_Exercise goal_
What is needed is an exact copy of the data below, pictures excluded.

_Supplied information_
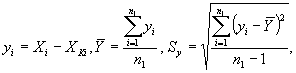 где {Xi, i = 1,..., n1} - результаты определений i-й рабочей пробы, получаемые по проверяемой методике; {Хкi, i = 1,..., n1} - результаты определений i-й рабочей пробы, получаемые по контрольной методике; yi - разность результатов анализа i-й пробы, полученных по проверяемой и по контрольной методике;
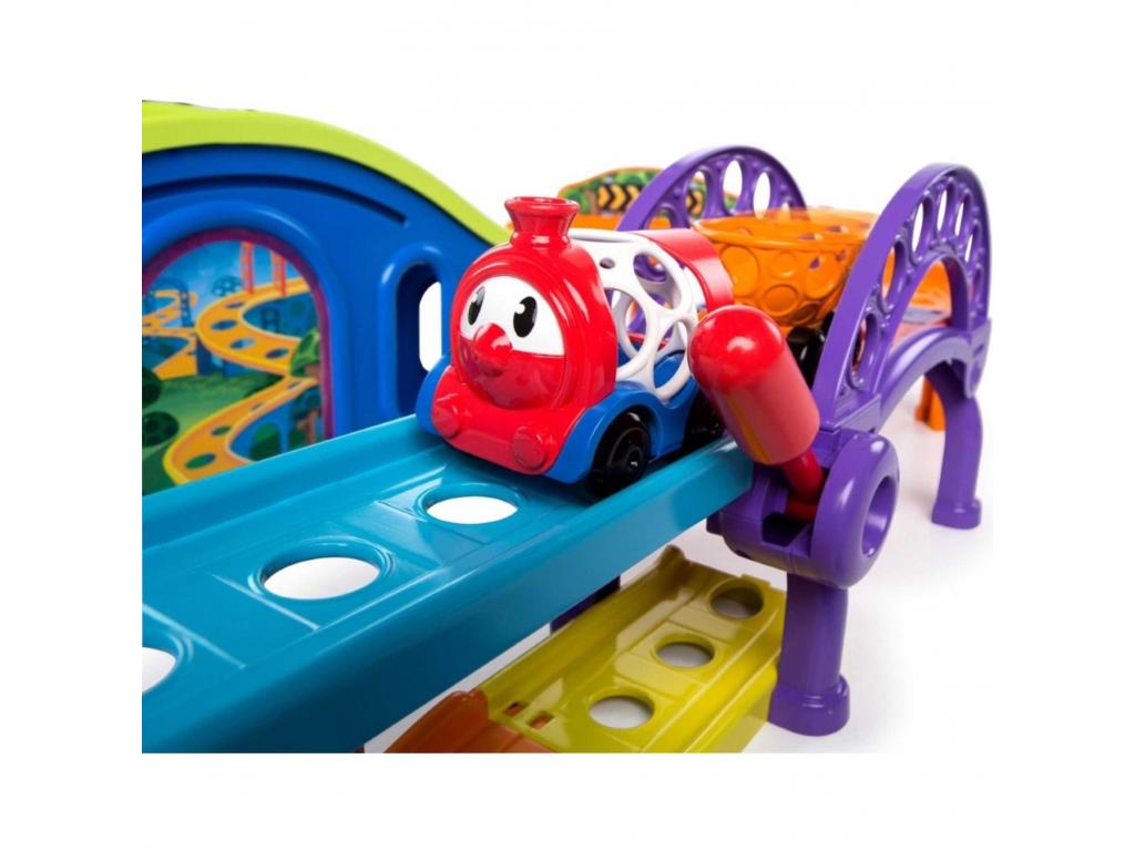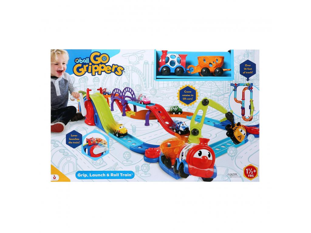 A jellegzetes Oball könnyen fogható kialakításának köszönhetően a készletben található vonat könnyű, rugalmas és tökéletes a kis ujjak számára. A gyerekek a túlméretezett kart használva varázslatos módon felemelhetik a vonatot a dombra, és lecsúsztathatják a pályán. Nyisd ki és csukd be a felvonóhidat, hogy felfedezd a játék két izgalmas szintjét, és ne felejtsd el a forgó darut, amely felemeli és mozgatja a vonatot vagy más Go Grippers járműveket (külön kaphatók).
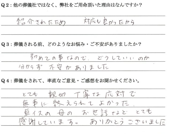 Q:他の葬儀社ではなく、弊社をご用命頂いた理由はなんですか。

_Response to this task_
 где {Xi, i = 1,..., n1} - результаты определений i-й рабочей пробы, получаемые по проверяемой методике; {Хкi, i = 1,..., n1} - результаты определений i-й рабочей пробы, получаемые по контрольной методике; yi - разность результатов анализа i-й пробы, полученных по проверяемой и по контрольной методике;
 A jellegzetes Oball könnyen fogható kialakításának köszönhetően a készletben található vonat könnyű, rugalmas és tökéletes a kis ujjak számára. A gyerekek a túlméretezett kart használva varázslatos módon felemelhetik a vonatot a dombra, és lecsúsztathatják a pályán. Nyisd ki és csukd be a felvonóhidat, hogy felfedezd a játék két izgalmas szintjét, és ne felejtsd el a forgó darut, amely felemeli és mozgatja a vonatot vagy más Go Grippers járműveket (külön kaphatók).
 Q:他の葬儀社ではなく、弊社をご用命頂いた理由はなんですか。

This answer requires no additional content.